### Your instructions
Every line in the data below from the one containing "Nel corso dell'incontro" down to the one containing "dell'abbraccio tra Oriente", both included, must be retyped exactly; no other line is to appear.

### Extracted entries

★ ★ ★ ★ ★

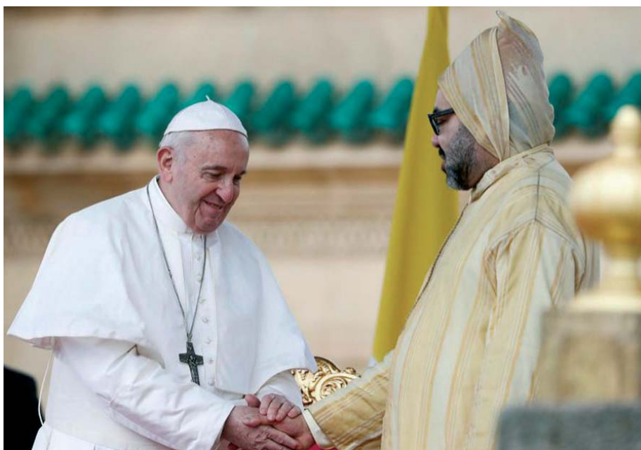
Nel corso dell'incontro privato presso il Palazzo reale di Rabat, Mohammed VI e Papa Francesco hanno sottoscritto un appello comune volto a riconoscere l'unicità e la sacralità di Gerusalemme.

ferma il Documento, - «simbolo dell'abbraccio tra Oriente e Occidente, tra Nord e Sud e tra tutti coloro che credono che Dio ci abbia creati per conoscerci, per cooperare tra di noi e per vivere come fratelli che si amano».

★ ★ ★ ★ ★

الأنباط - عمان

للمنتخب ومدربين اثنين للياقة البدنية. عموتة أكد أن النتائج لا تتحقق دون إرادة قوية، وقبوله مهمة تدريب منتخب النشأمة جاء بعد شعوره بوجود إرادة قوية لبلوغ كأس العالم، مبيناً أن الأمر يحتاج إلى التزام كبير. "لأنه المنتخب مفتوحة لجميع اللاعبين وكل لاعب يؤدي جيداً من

★ ★ ★ ★ ★

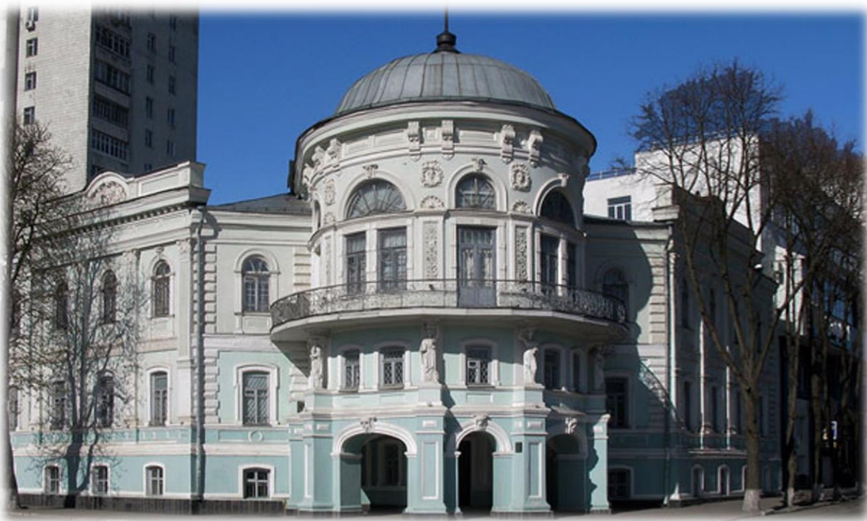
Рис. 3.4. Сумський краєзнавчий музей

★ ★ ★ ★ ★

### Problem solution
Nel corso dell'incontro privato presso il Palazzo reale di Rabat, Mohammed VI e Papa Francesco hanno sottoscritto un appello comune volto a riconoscere l'unicità e la sacralità di Gerusalemme.

ferma il Documento, - «simbolo dell'abbraccio tra Oriente e Occidente, tra Nord e Sud e tra tutti coloro che credono che Dio ci abbia creati per conoscerci, per cooperare tra di noi e per vivere come fratelli che si amano».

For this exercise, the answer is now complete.